Bowl of Pumpkin CurryI can’t resist the small pie pumpkins that appear in stores this time of year – always it seems, in huge piles in giant cardboard boxes.  So many cute pumpkins!  Usually I roast them and scrape out the flesh to make pies, or I freeze some and incorporate it into pancakes, biscuits or muffins.  A few weeks ago I came across a pumpkin green curry recipe (in an issue of Women’s Health) for which one small pie pumpkin is perfect.  The original recipe says to “steam the pumpkin” once it’s been cut into bite-sized cubes, which sounds like a great idea except that splitting open a pumpkin is not a simple affair.  My regular knife bounced off the gourd like a kid on a trampoline.  The cleaver was employed to cut mine into quarters and even then, peeling proved to be impossible.  So I placed the quarters on parchment paper on a baking sheet and roasted for about 25-30 minutes at 425F, then scooped out the flesh and cut into chunks.  It worked just fine.

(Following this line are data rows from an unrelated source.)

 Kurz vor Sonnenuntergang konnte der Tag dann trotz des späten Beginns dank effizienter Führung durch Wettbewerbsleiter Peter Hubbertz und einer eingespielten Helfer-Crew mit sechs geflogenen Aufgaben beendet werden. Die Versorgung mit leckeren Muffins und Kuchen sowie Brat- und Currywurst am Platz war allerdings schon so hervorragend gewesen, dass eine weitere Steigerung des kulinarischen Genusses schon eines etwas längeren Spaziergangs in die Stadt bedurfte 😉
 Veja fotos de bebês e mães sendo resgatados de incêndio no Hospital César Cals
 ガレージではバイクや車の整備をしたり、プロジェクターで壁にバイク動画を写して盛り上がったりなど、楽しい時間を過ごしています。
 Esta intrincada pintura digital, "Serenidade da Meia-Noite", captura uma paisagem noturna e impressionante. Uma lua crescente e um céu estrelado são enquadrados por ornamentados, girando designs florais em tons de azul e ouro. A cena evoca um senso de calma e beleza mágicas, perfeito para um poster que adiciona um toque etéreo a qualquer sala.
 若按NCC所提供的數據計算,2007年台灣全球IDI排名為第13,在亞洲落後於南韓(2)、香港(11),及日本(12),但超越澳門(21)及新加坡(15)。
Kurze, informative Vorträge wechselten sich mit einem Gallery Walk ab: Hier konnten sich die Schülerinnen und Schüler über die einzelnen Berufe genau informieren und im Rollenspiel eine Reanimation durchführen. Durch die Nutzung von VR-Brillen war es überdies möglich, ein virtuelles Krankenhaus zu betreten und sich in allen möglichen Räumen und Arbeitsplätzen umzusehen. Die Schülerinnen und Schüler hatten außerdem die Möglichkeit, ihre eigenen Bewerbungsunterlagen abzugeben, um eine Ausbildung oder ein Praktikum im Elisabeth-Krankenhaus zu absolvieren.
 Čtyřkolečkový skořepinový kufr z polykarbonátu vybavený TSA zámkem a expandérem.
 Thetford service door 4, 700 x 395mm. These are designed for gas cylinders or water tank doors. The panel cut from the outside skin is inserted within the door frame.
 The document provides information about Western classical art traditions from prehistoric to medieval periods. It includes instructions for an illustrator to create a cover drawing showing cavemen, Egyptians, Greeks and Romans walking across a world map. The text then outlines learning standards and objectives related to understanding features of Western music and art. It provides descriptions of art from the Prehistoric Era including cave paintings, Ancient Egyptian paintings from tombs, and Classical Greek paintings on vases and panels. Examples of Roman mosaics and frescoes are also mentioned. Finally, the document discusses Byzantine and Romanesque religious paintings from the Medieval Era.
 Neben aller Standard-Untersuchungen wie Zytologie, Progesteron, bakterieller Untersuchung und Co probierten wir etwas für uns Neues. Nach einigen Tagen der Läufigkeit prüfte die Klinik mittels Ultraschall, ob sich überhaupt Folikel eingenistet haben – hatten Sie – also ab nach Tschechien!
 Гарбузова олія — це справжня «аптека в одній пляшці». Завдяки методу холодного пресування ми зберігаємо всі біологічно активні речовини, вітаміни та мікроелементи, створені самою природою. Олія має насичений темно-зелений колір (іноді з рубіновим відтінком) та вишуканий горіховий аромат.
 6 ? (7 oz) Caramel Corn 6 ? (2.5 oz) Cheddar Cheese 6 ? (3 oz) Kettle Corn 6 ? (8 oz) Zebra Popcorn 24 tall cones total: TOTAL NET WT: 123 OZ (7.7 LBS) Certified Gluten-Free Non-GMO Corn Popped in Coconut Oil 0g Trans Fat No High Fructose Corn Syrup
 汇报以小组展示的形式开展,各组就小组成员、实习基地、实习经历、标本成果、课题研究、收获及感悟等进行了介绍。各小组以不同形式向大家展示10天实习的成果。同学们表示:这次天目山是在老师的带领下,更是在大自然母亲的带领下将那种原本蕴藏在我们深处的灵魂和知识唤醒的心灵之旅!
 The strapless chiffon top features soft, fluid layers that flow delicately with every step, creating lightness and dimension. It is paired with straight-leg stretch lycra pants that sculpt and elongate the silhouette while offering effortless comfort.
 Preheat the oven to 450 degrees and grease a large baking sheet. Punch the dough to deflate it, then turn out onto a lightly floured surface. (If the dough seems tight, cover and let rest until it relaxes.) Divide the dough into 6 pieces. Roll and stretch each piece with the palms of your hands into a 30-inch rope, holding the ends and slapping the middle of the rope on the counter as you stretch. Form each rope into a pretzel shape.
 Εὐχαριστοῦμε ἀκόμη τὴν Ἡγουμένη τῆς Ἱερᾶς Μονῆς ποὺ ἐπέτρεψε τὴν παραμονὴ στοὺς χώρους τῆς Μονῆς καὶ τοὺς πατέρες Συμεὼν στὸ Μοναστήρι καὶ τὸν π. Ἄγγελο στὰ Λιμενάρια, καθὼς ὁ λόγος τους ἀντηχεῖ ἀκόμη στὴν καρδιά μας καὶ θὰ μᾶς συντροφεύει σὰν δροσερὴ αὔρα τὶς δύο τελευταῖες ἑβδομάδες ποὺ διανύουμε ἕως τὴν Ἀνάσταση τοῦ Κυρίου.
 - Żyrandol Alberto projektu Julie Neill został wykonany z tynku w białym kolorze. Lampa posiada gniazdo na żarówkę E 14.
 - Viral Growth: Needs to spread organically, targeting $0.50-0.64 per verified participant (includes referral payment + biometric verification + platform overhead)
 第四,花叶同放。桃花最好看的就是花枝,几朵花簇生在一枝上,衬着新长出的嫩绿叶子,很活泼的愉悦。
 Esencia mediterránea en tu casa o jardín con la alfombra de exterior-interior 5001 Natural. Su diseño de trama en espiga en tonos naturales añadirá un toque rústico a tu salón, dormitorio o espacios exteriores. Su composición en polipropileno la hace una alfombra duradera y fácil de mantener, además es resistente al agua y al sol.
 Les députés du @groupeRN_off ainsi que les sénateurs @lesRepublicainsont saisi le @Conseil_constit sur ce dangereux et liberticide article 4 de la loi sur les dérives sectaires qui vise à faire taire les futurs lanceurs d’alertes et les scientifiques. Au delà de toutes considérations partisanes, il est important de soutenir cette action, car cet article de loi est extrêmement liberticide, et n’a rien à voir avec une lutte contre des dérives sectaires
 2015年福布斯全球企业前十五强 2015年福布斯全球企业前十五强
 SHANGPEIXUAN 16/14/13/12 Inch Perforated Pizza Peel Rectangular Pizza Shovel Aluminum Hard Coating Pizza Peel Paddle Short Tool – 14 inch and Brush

Pumpkin Curry IngredientsPumpkin Coconut Curry with Dry-Fried Tofu
Serves 4

~1 lb. extra-firm tofu, pressed and cut into 16 pieces
1/4 tsp. salt
1/4 tsp. ground pepper
4 cups pumpkin, cut into small cubes (or roast, as I did)
8 oz. package of crimini mushrooms, quartered
3 cups broccoli, cut into small pieces
1/2 cup shallots, finely chopped
2 tbsp. fresh ginger, minced (or grated with microplane)
3 cloves garlic, minced
1 red bell pepper, chopped
1 cup light coconut milk
1/2 cup vegetable broth + more for stir-frying
3 tbsp. green curry paste
4 tsp. soy sauce or tamari
1 cup thinly sliced fresh basil, for garnish
2 tbsp. fresh cilantro, chopped, for garnish
2 cups hot brown jasmine rice

Prepare jasmine rice (on stovetop or in rice cooker).  Season tofu with salt and pepper.  Arrange in a single layer in a non-stick pan – do not add any oil.  Heat tofu over medium-high heat, pressing to release any liquid and cook for about 5 minutes per side or until nicely browned.  Remove from pan and slice into strips.  Set aside.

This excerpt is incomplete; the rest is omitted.